From Choice to Coercion: How HB 254 Empowers Government Over Life and Death

This op-ed by Cornerstone’s Shannon McGinley was originally published in the New Hampshire Journal on 3/15/2025.

HB 254, relative to end of life options, is out of committee and is headed to full House consideration this week. You could call this the bill that never dies as various iterations of “medical aid in dying” (MAID) bills are introduced, and have, thankfully, failed each year. 

First, let’s call this what it is – physician assisted suicide (PAS). The path to accepting the unthinkable often runs through digestible terminology, and that is exactly how PAS has been softened to become “medical aid in dying”. This is like adding a sweet coating to a poison pill. No matter how you phrase it, this is about the forcible termination of human life with the willing participation and enablement of a physician. 

Rather than acknowledging this harsh and inhuman reality, those who support physician assisted suicide paint an appealing picture of self-determination and individual rights. The act itself is romanticized – soft music, loved ones in attendance, and a graceful letting go of pain and suffering, all on the individual’s own terms. This idealized image, like its softened label, masks the harsh realities of what actually happens when the state gets into the business of sanctioning and enabling suicide.

Rather than being about individual freedom, PAS is about the government establishing the parameters of what defines a life not worth living, including providing the mechanism of death. Given a choice between continuing to invest in costly care for the ill or encouraging patients to die, we’re already seeing what inevitably happens. In Oregon and Washington, where PAS has been legal for over 15 years, free choice and self-determination have been dramatically diminished. In Washington, the patient can be “helped” by an heir to sign up for and to actually administer their lethal medication. In Oregon, there are documented instances of Medicaid cancer patients being denied approval for treatment, but told their end of life care, including assisted suicide, would be covered by their health insurance. In Canada, disability advocates are raising the alarm in the wake of added “Track 2” “MAID” provisions that encourage physicians to approve assisted suicide requests of non-terminally ill individuals with disabilities among other conditions, arguing that the rapidly rising numbers of the disabled in Canada whose lives are being ended under Track 2 is, in fact, eugenics.

While PAS may be a tempting and cost-effective funnel to hasten the end of life, it flies in the face of a real expansion of free-market healthcare options that give patients access to quality palliative care, pain management, and alternative treatments.  We’re already seeing that putting the government in control of our healthcare leads to less, not more choice. 

Moreover, PAS is simply incompatible with healthcare.
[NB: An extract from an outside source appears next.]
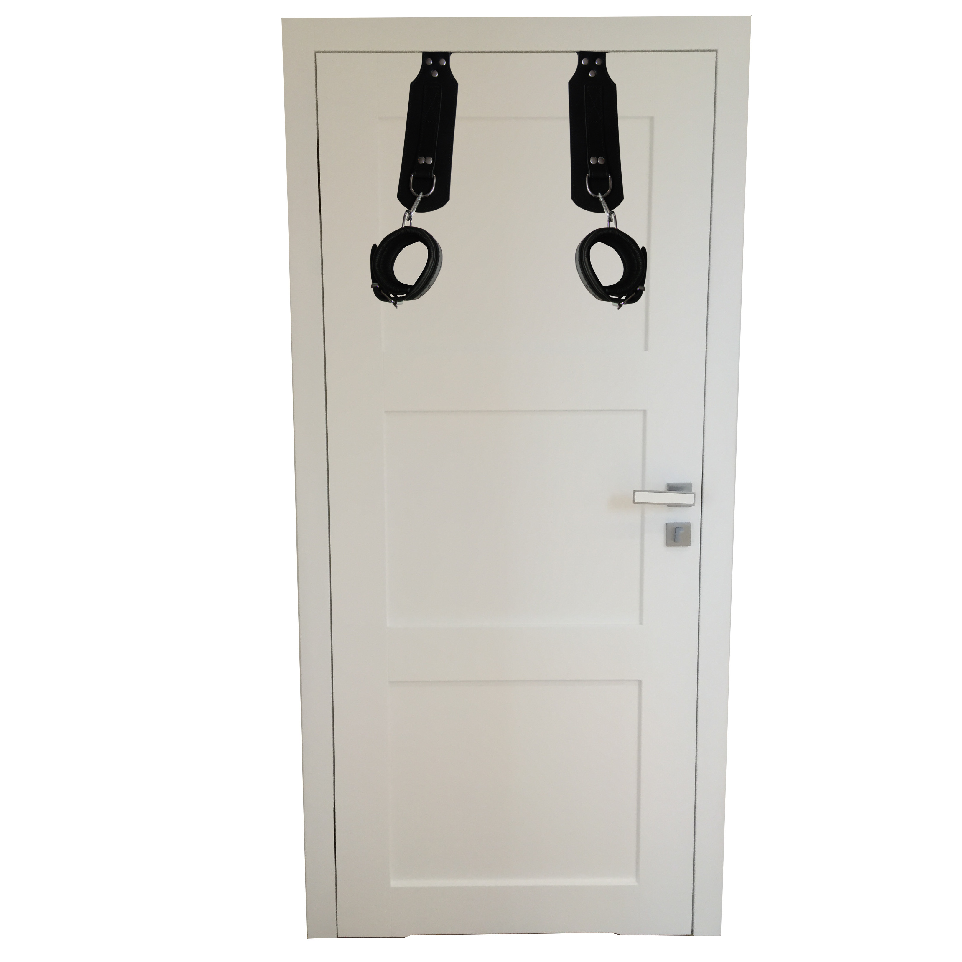 Leder Türaufhängesystem im Türrahmen mit Handfessel Schwarz und Karabiner - Türfessel

The American Medical Association (AMA) itself points out the inherent conflict PAS poses for our healthcare system and providers, stating this in their medical code of ethics: “Physician assisted suicide is fundamentally incompatible with the physician’s role as healer, would be difficult to control, and would pose serious societal risks.” The venerated Hippocratic Oath, dating from the first century B.C., itself addresses PAS, “I will neither give a deadly drug to anybody who asked for it, nor will I make a suggestion to this effect.”  
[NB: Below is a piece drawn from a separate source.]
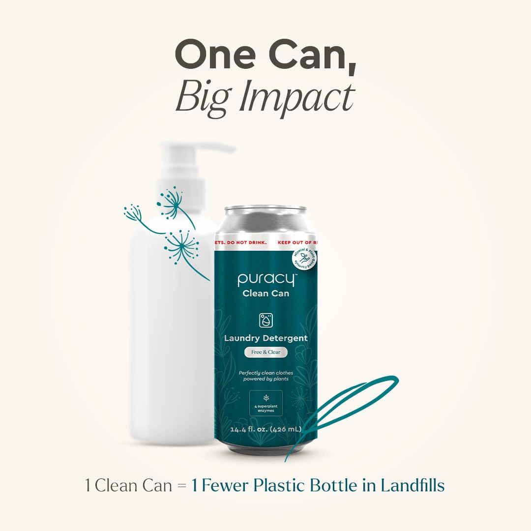 Puracy Liquid Laundry Detergent Clean Can Refill - Enzyme-Powered Liquid Laundry Detergent Concentrate, Natural Laundry Detergent Seen on TikTok, Non-Toxic (Free & Clear, 14.4 fl)

Humanity is a complex and emotional creation. Deciding to end one’s life, an absolute and irrevocable act, cannot be treated as a purely rational and dispassionate decision or one free from influence or coercion. By treating suicide as “normal” for certain groups (i.e. the disabled or seriously ill), but as a crisis for others, we set up a glaring contradiction. When are suicidal thoughts a reason for intervention and support, and when are they something to be encouraged and facilitated? With the slippery slope of eligibility in the U.S. and internationally expanding to “mental” health and the disabled, the very idea that suicidal thoughts are a cry for help may be turned on its head in favor of self-extinction for the greater good. 

Let’s be honest. Physician assisted suicide, by any name, should alarm us all. This is not about personal liberty, but a tragic path to less choice and more government control ultimately leading to unnecessary and premature death. In New Hampshire, as has been demonstrated in the U.S. and abroad, opening the door to assisted suicide will provide the pathway the state needs to eliminate the most inconvenient and vulnerable members of our society in the name of “compassion.” Let’s keep that door shut.